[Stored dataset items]
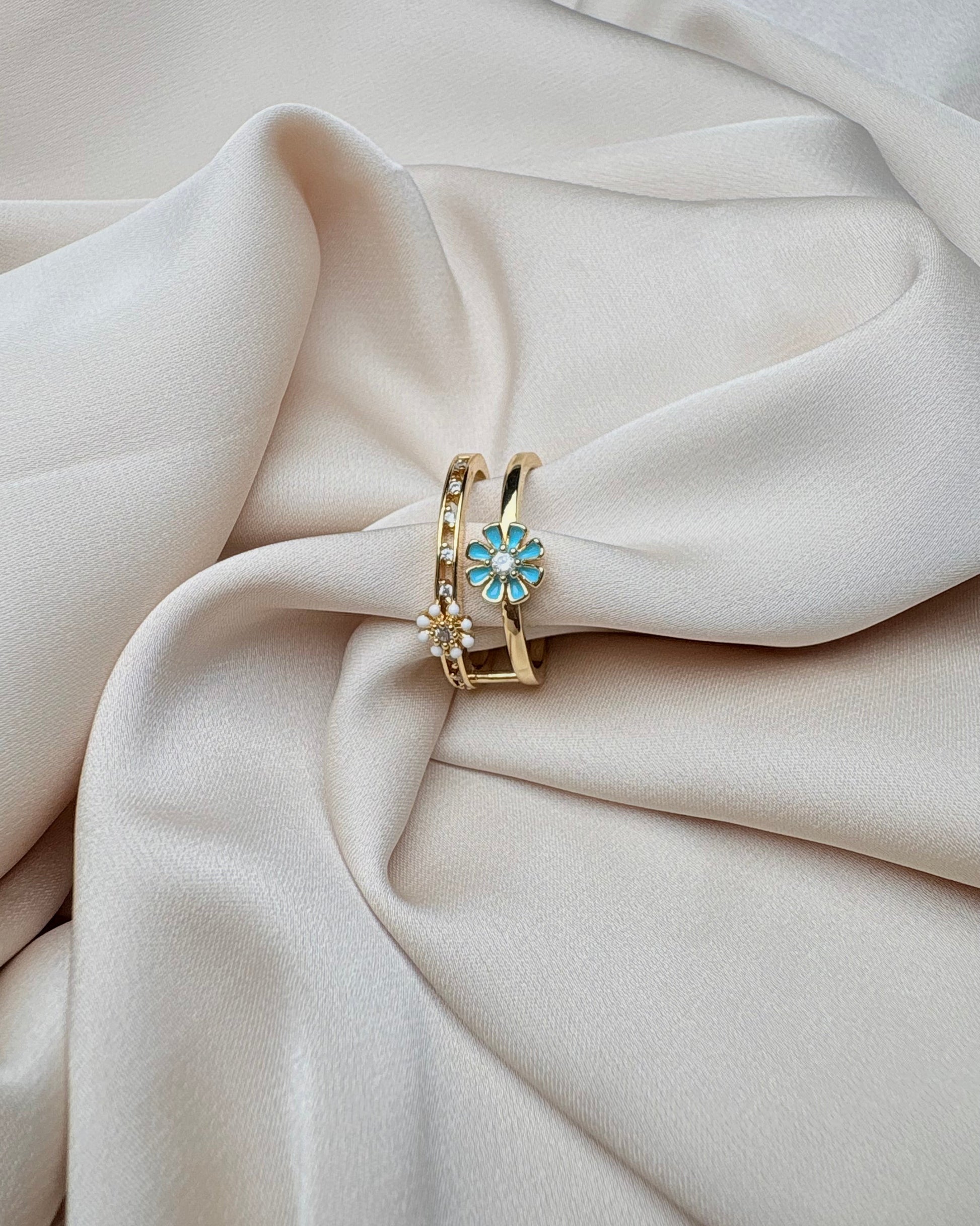 Bask in floral charm with the Petal Whimsy Duo — a delightful ring set that brings together soft turquoise enamel, dainty pearls, and radiant gold detailing. Inspired by garden dreams and sunshine days, this anti-tarnish, lightweight set is perfect for stacking or wearing solo. Whimsical, romantic, and effortlessly cute — your fingers just found their favourite bloom.
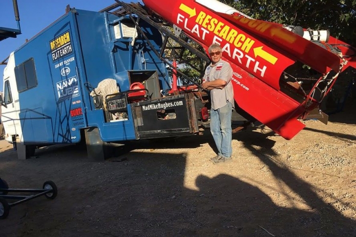Майк Хьюз верит, что земля на самом деле – не круглая, а плоская. Свою точку зрения он активно отстаивает в соцсетях. В дальнейшем он хочет построить мощную ракету, которая позволит ему своими глазами проверить свою теорию.
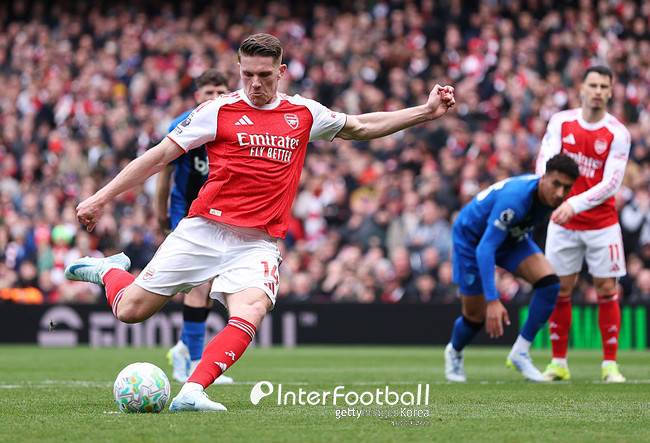 아스널이 동점골 기회를 잡았다. 전반 34분 크리스티 핸드볼 파울이 나오면서 요케레스가 페널티킥 키커로 나서 골을 기록했다.
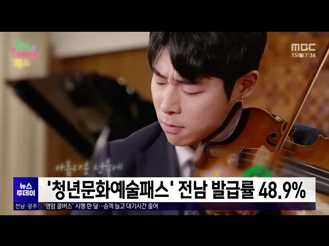 올해 19세가 되는 2005년생 청년에게공연과 전시 예매에 최대 15만 원을 지원하는 '청년문화예술패스'의신청이 잇따르고 있습니다. 지난달 28일 출범한 청년문화예술패스는현재까지 전국에서 8만여 명이 발급받은가운데, 전남에서는 대상자 가운데 48.9%가 발급받아 전국에서 5번째로높은 것으로 나타났습니다. 청년문화예...
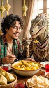 At the center of the image is the most unexpected subject—a humanoid raptor dinosaur. Its presence is both startling and fascinating, rendered with an extraordinary level of realism. The texture of its skin is detailed, with fine scales visible across its face and neck, catching the warm ambient light. Its eyes are vivid and expressive, with a bright golden-yellow iris that seems almost luminous. The raptor’s mouth is slightly open, revealing sharp teeth, yet its expression is not threatening. Instead, it appears joyful and engaged, fully immersed in the act of eating. The creature is dressed in what appears to be traditional Eid attire—a light-colored, intricately embroidered shirt paired with a small cap. The clothing fits naturally, blending the fantastical creature seamlessly into a human cultural setting.
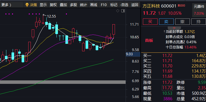 $方正科技(SH600601)$:核心业务主要围绕PCB(印制电路板)的研发、生产和销售,在国内PCB企业中营收规模位居前列,尤其在通讯板领域具备技术积累,客户覆盖华为、中兴等主流设备商;近年来在AI服务器和云计算方向同时发力,三季度业绩高速增长,备受各大基J的青睐,大趋势震荡向上,短期经过一个月的调整,有再次突破前高的预期,周五虽然封板,但左侧压力也较为明显,反复在板价折腾,今天二种应对方案:一是快速且有效突破前高12.55看一进二预期,小仓跟进;二是低开后在11.3左右企稳小仓位低吸,否则就再次等待其他低吸点。
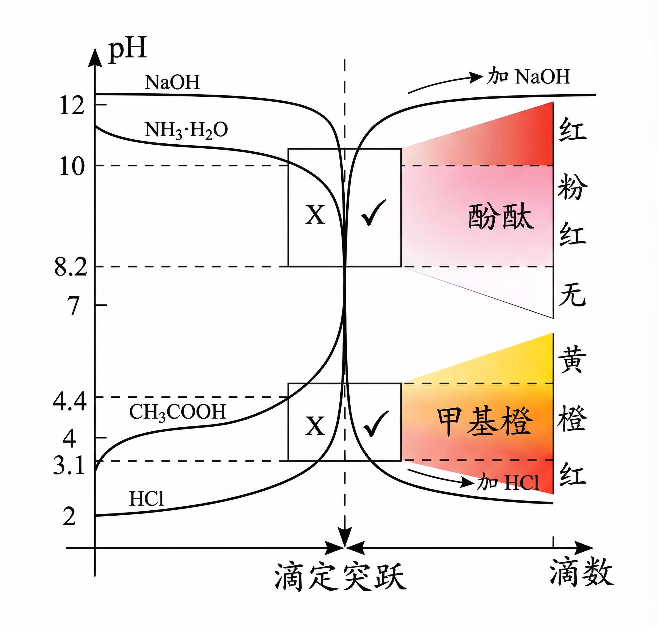 核心规律:统统都是“酸红碱黄”。首先,不要把它们分开背,甲基橙和甲基红在颜色变化的大方向上是完全一样的!
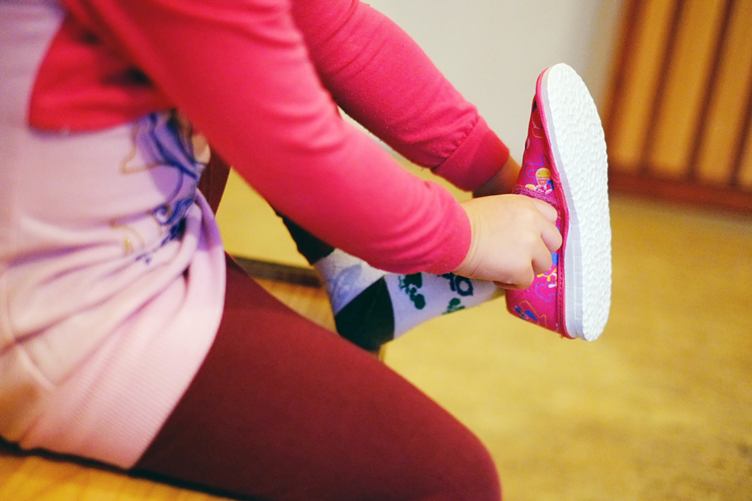 Opět do školky. Obout bačkůrky a jde se opožděně snídat. Oběd a domácí hospodaření. S Walli na vycházce. Buchta při návštěvě a večerní kuchtění....
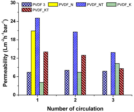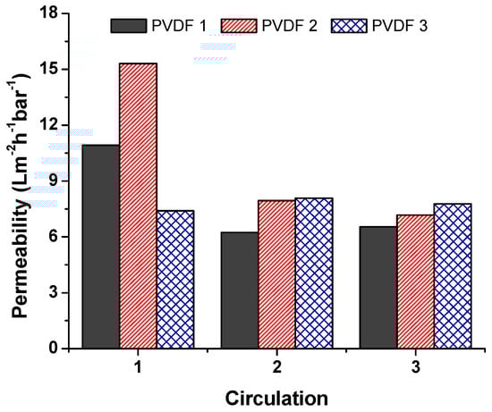 A separation test was run using dead-end cell separation, and the permeability of the unmodified membranes was calculated according to Equation (2). Results are given in Figure 7, which compares unmodified membranes at various densities. Each membrane was used and circulated three times to measure fouling. Between each circulation, distilled water was filtrated. Results indicated that, at the beginning, PVDF 2 showed enormous permeability compared to the others. The lowest permeability was achieved using PVDF 3 at the first circulation. However, membranes PVDF 1 and PVDF 2 showed a sharp decrease in permeability with the second circulation; the reason for this was membrane fouling. The membrane with the highest nanofiber density (PVDF 3) showed a stable permeability after three circulations; this could have been due to the high specific surface area of PVDF 3. A higher density meant more nanofiber web was on the structure, resulting in a bigger surface area in total. On the contrary, Hobbs et al. [23] found that there is a proportional relationship between flux decline ratio and membrane surface area. A higher surface area showed a higher flux decline ratio.

# Instructions for the task
Retype the entries above exactly, starting at their first line and ending with the line that holds "올해 19세가 되는 2005년생"; pictures stay out.

# Task output
 Bask in floral charm with the Petal Whimsy Duo — a delightful ring set that brings together soft turquoise enamel, dainty pearls, and radiant gold detailing. Inspired by garden dreams and sunshine days, this anti-tarnish, lightweight set is perfect for stacking or wearing solo. Whimsical, romantic, and effortlessly cute — your fingers just found their favourite bloom.
Майк Хьюз верит, что земля на самом деле – не круглая, а плоская. Свою точку зрения он активно отстаивает в соцсетях. В дальнейшем он хочет построить мощную ракету, которая позволит ему своими глазами проверить свою теорию.
 아스널이 동점골 기회를 잡았다. 전반 34분 크리스티 핸드볼 파울이 나오면서 요케레스가 페널티킥 키커로 나서 골을 기록했다.
 올해 19세가 되는 2005년생 청년에게공연과 전시 예매에 최대 15만 원을 지원하는 '청년문화예술패스'의신청이 잇따르고 있습니다. 지난달 28일 출범한 청년문화예술패스는현재까지 전국에서 8만여 명이 발급받은가운데, 전남에서는 대상자 가운데 48.9%가 발급받아 전국에서 5번째로높은 것으로 나타났습니다. 청년문화예...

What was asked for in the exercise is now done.